Westray · 23/05/2017 21:35

OP your OH is not really considering your feelings at all here is he?

I would have no hesitation about refusing to go.

But I wouldn't find myself living with such a selfish knob, so it's a non issue.

AntiGrinch · 23/05/2017 21:51

"What I would like is for him to reduce the budget for his celebration to £1000 and do something closer, ie not 3 hours away. "

This sounds very reasonable.

there is no point in half the posters going "woo! Party! Camping! Live a little!" and the other half going "ugh, have a naice tea party instead" based on their personal preferences.

The difficulty here isn't that the OP and her husband don't have the same preferences, but that he won't compromise and is waving away all difficulties. A man who waves away difficulties is a man who is used to his woman dealing with them.

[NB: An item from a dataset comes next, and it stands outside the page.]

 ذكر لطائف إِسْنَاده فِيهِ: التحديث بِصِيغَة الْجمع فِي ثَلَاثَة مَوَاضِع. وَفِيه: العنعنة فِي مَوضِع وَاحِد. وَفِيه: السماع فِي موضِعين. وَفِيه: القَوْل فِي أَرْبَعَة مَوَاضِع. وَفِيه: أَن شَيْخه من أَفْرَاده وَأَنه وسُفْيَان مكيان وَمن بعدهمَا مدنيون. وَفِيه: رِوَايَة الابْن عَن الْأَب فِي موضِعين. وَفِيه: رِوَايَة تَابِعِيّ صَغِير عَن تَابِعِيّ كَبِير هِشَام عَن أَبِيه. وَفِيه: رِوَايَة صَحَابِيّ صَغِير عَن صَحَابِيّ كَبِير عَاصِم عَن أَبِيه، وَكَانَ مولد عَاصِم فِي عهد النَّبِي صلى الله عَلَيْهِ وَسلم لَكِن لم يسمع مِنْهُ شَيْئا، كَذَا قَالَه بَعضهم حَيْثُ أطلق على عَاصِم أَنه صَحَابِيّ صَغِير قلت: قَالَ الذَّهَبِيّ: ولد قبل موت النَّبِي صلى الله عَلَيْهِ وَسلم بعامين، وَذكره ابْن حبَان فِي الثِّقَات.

peachgreen · 23/05/2017 22:28

Baffled by people saying £2500 isn't a lot to spend on a party. I guess it isn't to some but to others it's masses.

PyongyangKipperbang · 23/05/2017 22:48

Just asked DH what he would do if one of his three best friends suggested this for a "0" birthday.

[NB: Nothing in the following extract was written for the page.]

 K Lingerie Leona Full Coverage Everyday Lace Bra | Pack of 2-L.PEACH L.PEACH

"I'd tell him to sort his head out!" and if he still insisted "Then I wouldnt be there, no fucking way would I go camping anywhere, never mind 3 hours away with no showers and almost no bogs"

He is up for a party anytime, anywhere and will put himself through financial and logistical corkscrews for friends. But even he wouldnt go.

MyPatronusIsAUnicorn · 23/05/2017 22:48

In MN world it isn't much peach, back in the real world, this party is costing more than my wedding. It's a ridiculous amount to spend on a crap party. Why can't he hire a nice house (a big one) and have a normal party. It doesn't have to be 3 hours, camping, no DCs, knowing full well his wife will be miserable but he really doesn't give a fuck as long as she is there to host and clear up. Tell him to sod off OP. Sounds like no one ever has.

QueenOfRubovia · 23/05/2017 23:01

Baffled by people saying £2500 isn't a lot to spend on a party

I think it's a mad amount to spend as well.
Even moreso if you aren't comfortably off enough to barely notice it missing from your coffers.

Puffpaw · 23/05/2017 23:01

My preference would be the camping but you can't afford it so don't do it. He has plenty of other treats coming up.
If you are not sure what you can afford do a proper budget and include everything.
Also sorry for repeating myself before, about festivals, I completely missed your first reply.

KatyBerry · 24/05/2017 08:33

I can imagine the aibu posts from guests summoned to this special celebration- he's being a bridezilla about this party and needs a reality check. He's expecting guests to make expensive and complex arrangements (6 hours' driving and petrol, acquisition of kit, childcare for an entire weekend) and then offering a beer in a barn and a cold hard floor without hot and cold running. Can't you get one of his friends to help deliver the reality check of how unappealing and selfish it is?

expatinscotland · 24/05/2017 14:13

Exactly, Katy!! 6 hour drive, 2 loos for 50 people (possibly no shower at all), Spring time, have to supply all gear (if you're not a camper, even hiring it out is not without cost. You can hire a campervan but that's in the region of £50+ at the least/day), for a barn party. Oh, and childcare.

Gimme a CCC site anyday.

upperlimit · 24/05/2017 14:23

Honestly this place is a different world. Since when was it ok to swallow all your family's resources to have a 'look a me' birthday shin-dig?

HappydaysArehere · 24/05/2017 15:14

Cannot believe this thread. The world is a different place. Surely a couple can come up with better ways to spend a couple of grand! As for the kind person who is giving a thousand pounds as a gift, I know I would be disappointed to think it had been spent on a camping party. The phrase "easy come, easy go" would spring to mind. However, your kitchen would have given me great satisfaction in that it would seem a more valued way to spend someone's hard earned money.